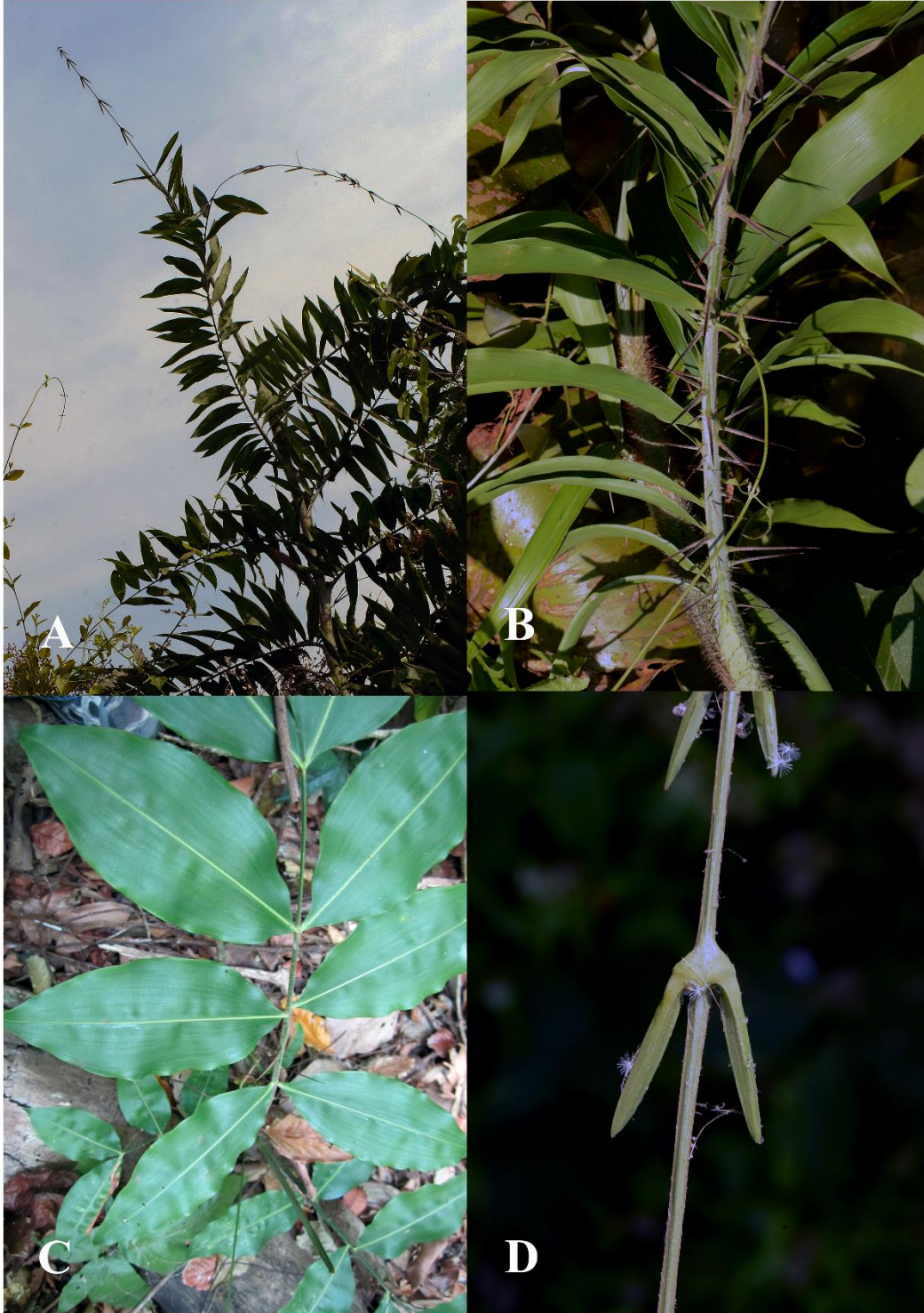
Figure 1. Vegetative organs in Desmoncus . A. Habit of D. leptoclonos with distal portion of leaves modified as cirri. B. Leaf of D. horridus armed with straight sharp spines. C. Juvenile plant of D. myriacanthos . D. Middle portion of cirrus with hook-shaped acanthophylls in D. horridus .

═══

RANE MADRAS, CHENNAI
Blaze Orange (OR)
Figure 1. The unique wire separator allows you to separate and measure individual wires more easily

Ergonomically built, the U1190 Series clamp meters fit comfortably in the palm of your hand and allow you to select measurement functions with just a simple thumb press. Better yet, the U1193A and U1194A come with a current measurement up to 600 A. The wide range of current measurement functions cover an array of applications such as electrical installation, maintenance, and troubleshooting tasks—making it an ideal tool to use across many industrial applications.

═══

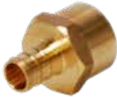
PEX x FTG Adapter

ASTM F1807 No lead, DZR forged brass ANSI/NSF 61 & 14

═══

Report how many lines in the listing above include the word "Figure". Give nothing but the number.

2